Nationalisation mostly seems not to work, I agree, and that happens - may I suggest - because politicians rarely are willing to pay the rate for the sort of talent needed to run large undertakings. When they for once did, they got Beeching.  Politicians also don't generally want to invest public money, better to spend it on the NHS or benefits to buy votes. And socialist politicians are also often not businessmen and so don't understand the need for investment despite their hardly being able to complete a sentence without using the word "investment". Gordon Brown for a start. I never felt he knew what it meant.

You can also be sure that what you are fed by the media paints a picture of a far greater degree of public sector failure than has actually occurred, conversely always showing private enterprise in the best light possible.

Companies House down the years has been in my experience a model of efficiency rarely ever equalled by private enterprise. Railways were for years run on a total shoestring during which time problems were much more caused by passenger error or strikes than the antiquated infrastructure. East Coast main line made money in public hands which National Express et al failed to do. (Can't say if was a fair test tbh).

Privatised businesses such as gas, leccy, BT don't strike me as especially wonderful, which I said already in a post.

A big reason for indifferent or bad performance of public firms is due to the strength of unions therein. Tories want rid, even if they have to trash whole industries.

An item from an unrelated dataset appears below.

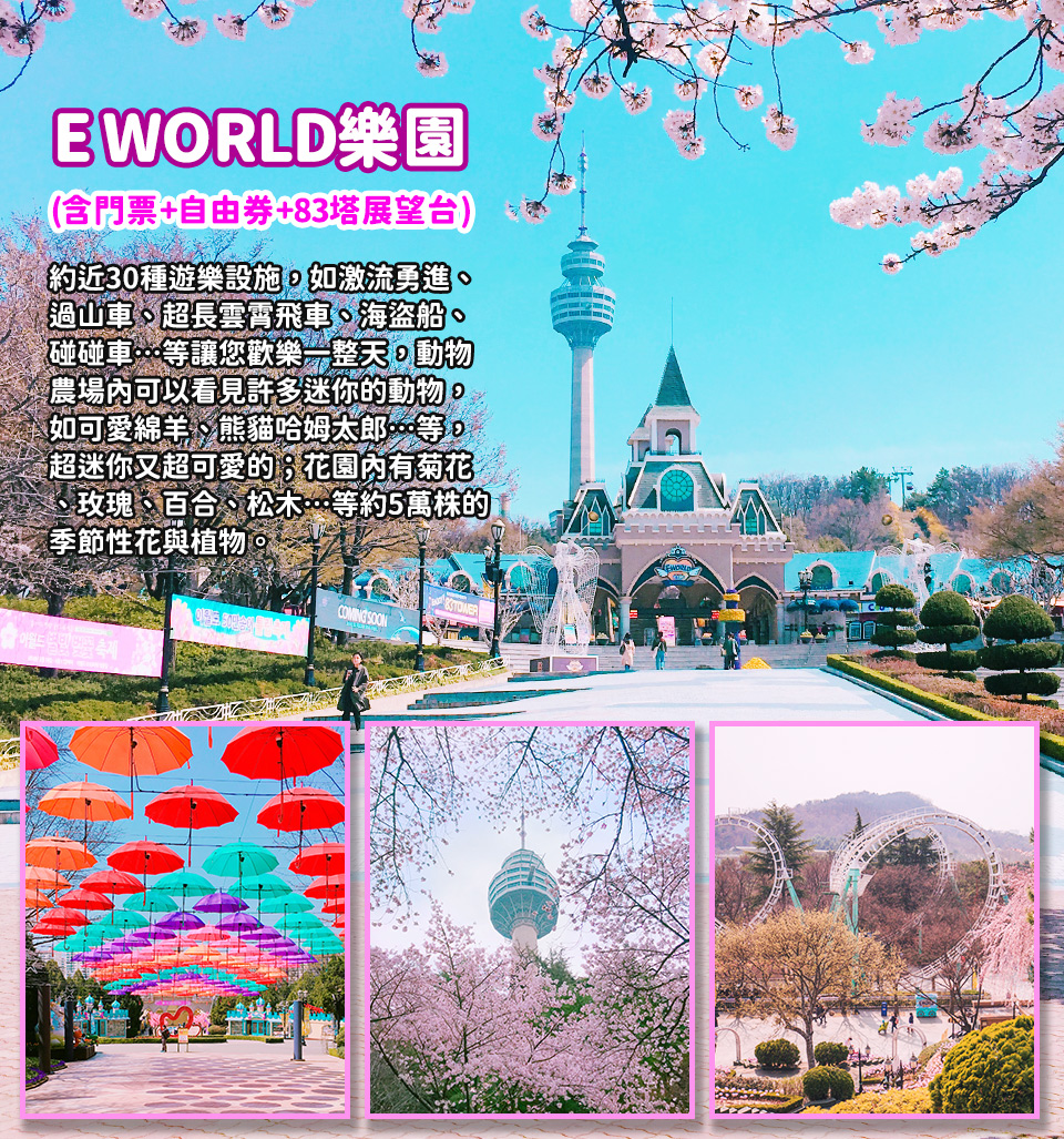 【E-WORLD樂園+83塔展望台(含門票+自由券)】內設施約近30種遊樂設施,如激流勇進、過山車、超長雲霄飛車、海盜船、碰碰車…等讓您歡樂一整天,動物農場內可以看見許多迷你的動物,如可愛綿羊、熊貓哈姆太郎…等,超迷你又超可愛的;花園內有菊花、玫瑰、百合、松木…等約5萬株的季節性花與植物。

Unions think they have absolute power and act accordingly.

When the universal next day flat rate postage goes maybe more people will realise the potential wasted by these combatants on both sides of politics.

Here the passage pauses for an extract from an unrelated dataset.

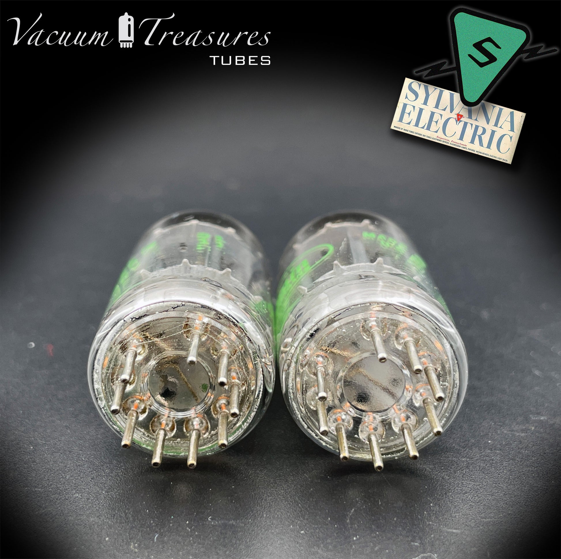 12AX7 ECC83 NOS Baldwin by Sylvania – Long Gray Plates Large Halo Getter Matched Pair Tubes USA 1951

Once saw a postie get out of a van and empty a post box, not a house in sight, in darkest Herefordshire at 4 pm on an autumn Sunday afternoon.  My passenger, an ardent lifelong socialist, turned to me and said "do you think the private sector could ever do that?"

 

Link to post
Share on other sites
2 hours ago, Bluestone59 said:

Companies House down the years has been in my experience a model of efficiency rarely ever equalled by private enterprise. Railways were for years run on a total shoestring during which time problems were much more caused by passenger error or strikes than the antiquated infrastructure. East Coast main line made money in public hands which National Express et al failed to do. (Can't say if was a fair test tbh).

Nationalised railways are the accepted model in Europe. Few would argue for the superiority of the British arrangement.

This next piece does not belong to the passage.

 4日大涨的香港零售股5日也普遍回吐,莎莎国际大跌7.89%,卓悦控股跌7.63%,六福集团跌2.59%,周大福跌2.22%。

Efficiency isn't the only metric we need to use when we assess the vialbility of network services. Stability matters at least as much. Like knowing that your train is going to arrive and depart at the advertised times and that your expectations of an empty seat are likely to be met.

Link to post
Share on other sites
13 minutes ago, zugzwang said:

Nationalised railways are the accepted model in Europe. Few would argue for the superiority of the British arrangement.

Efficiency isn't the only metric we need to use when we assess the vialbility of network services. Stability matters at least as much. Like knowing that your train is going to arrive and depart at the advertised times and that your expectations of an empty seat are likely to be met.

Nationalized railways are no longer the accepted model in Europe. When I recently travelled in Italy by train, it was entirely on privately owned trains. Here is a complete list:

https://en.wikipedia.org/wiki/List_of_railway_companies

Link to post
Share on other sites
3 minutes ago, onlooker said:

Nationalized railways are no longer the accepted model in Europe. When I recently travelled in Italy by train, it was entirely on privately owned trains. Here is a complete list:

https://en.wikipedia.org/wiki/List_of_railway_companies

Italy's principal train operator is the govt owned Trenitalia, a subsidiary of Ferrovie della stato Italiane.

Regional railways are extensively subsidised by local govt.

https://en.wikipedia.org/wiki/Trenitalia

Quote

The Italian government formed Trenitalia to comply with European regulations. The European Commission's First Railway Directive from 1991 (91/440/EC) required separation of accounting between entities which manage the rail infrastructure and entities which provide the actual rail transportation. On 1 June 2000, therefore, Italy created Trenitalia as the primary rail transportation company and on 1 July 2001 established Rete Ferroviaria Italiana (RFI) as the company overseeing the rail network.[4] However, the separation was only formal, since both are subsidiaries of the Ferrovie dello Stato Italiane holding and are owned wholly by the government.[5] Trenitalia operated freight rail services under the Trenitalia Cargo brand until 2017, when Mercitalia took over state-owned freight rail and logistics operations.[6]

Trenitalia offers national rail transport in Italy and international connections to Austria, France, Germany, and Switzerland.[7] The company operates both regional and long-distance trains.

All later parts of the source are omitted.